> Information supplied:
——
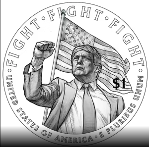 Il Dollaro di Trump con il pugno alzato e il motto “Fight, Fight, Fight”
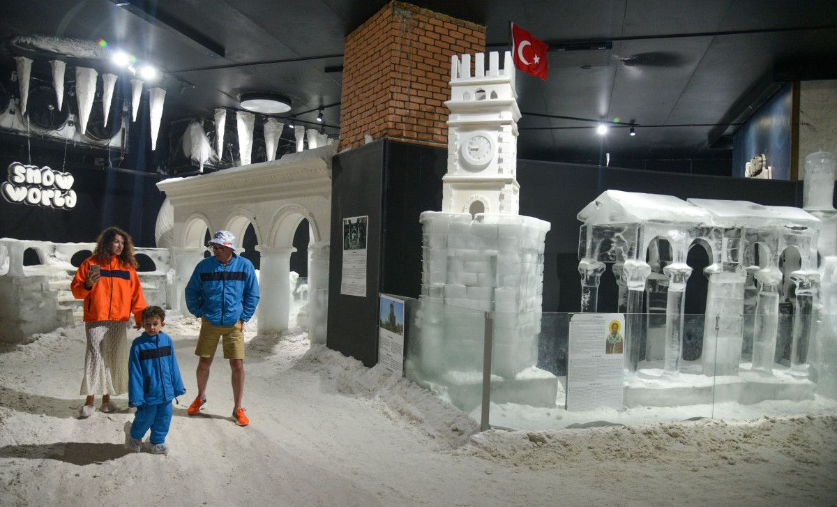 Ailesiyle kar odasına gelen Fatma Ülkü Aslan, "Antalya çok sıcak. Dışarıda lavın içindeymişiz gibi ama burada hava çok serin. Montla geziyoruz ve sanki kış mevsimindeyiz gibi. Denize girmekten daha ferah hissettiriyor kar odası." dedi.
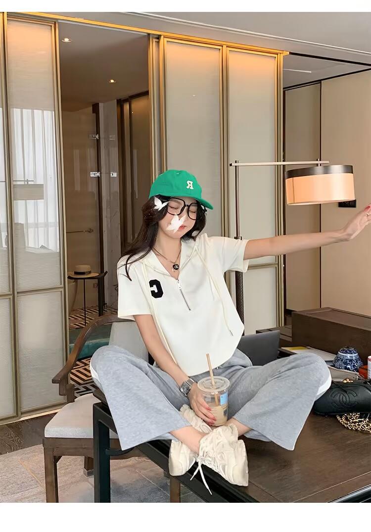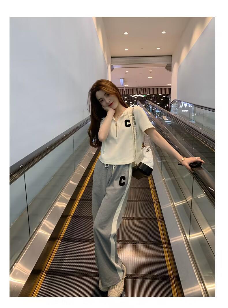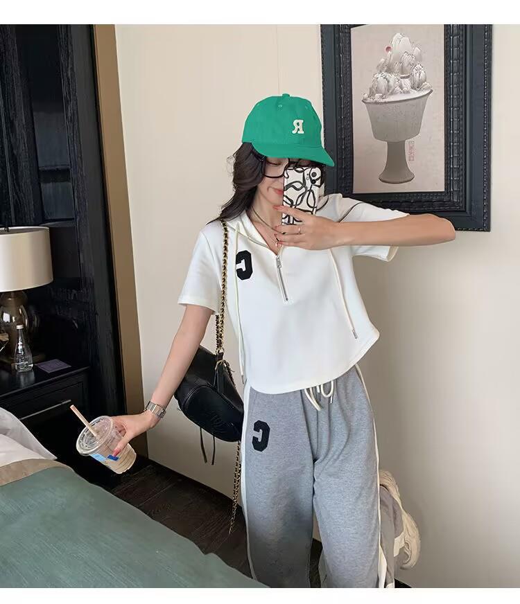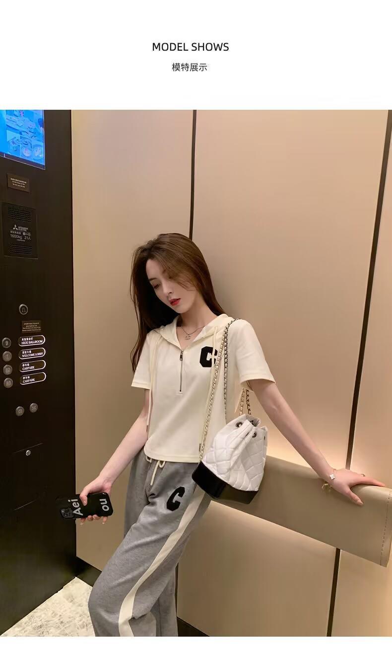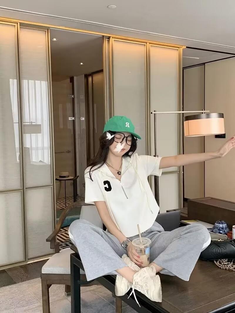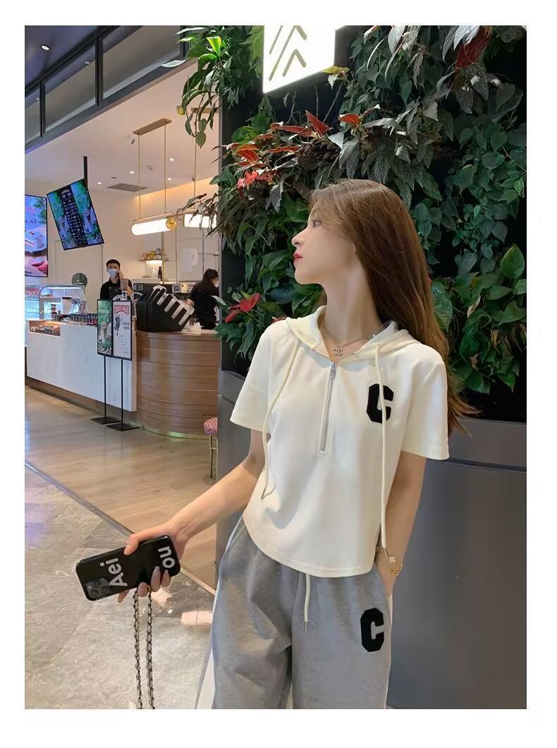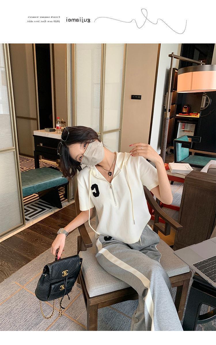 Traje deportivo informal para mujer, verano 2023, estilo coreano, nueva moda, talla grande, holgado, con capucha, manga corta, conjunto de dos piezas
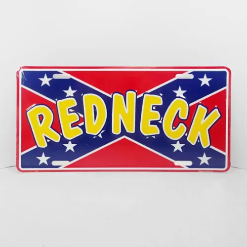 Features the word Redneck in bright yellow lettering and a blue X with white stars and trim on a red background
——
> Task brief:
With images omitted, retype the data word for word.

> Your response:
 Il Dollaro di Trump con il pugno alzato e il motto “Fight, Fight, Fight”
 Ailesiyle kar odasına gelen Fatma Ülkü Aslan, "Antalya çok sıcak. Dışarıda lavın içindeymişiz gibi ama burada hava çok serin. Montla geziyoruz ve sanki kış mevsimindeyiz gibi. Denize girmekten daha ferah hissettiriyor kar odası." dedi.
 Traje deportivo informal para mujer, verano 2023, estilo coreano, nueva moda, talla grande, holgado, con capucha, manga corta, conjunto de dos piezas
 Features the word Redneck in bright yellow lettering and a blue X with white stars and trim on a red background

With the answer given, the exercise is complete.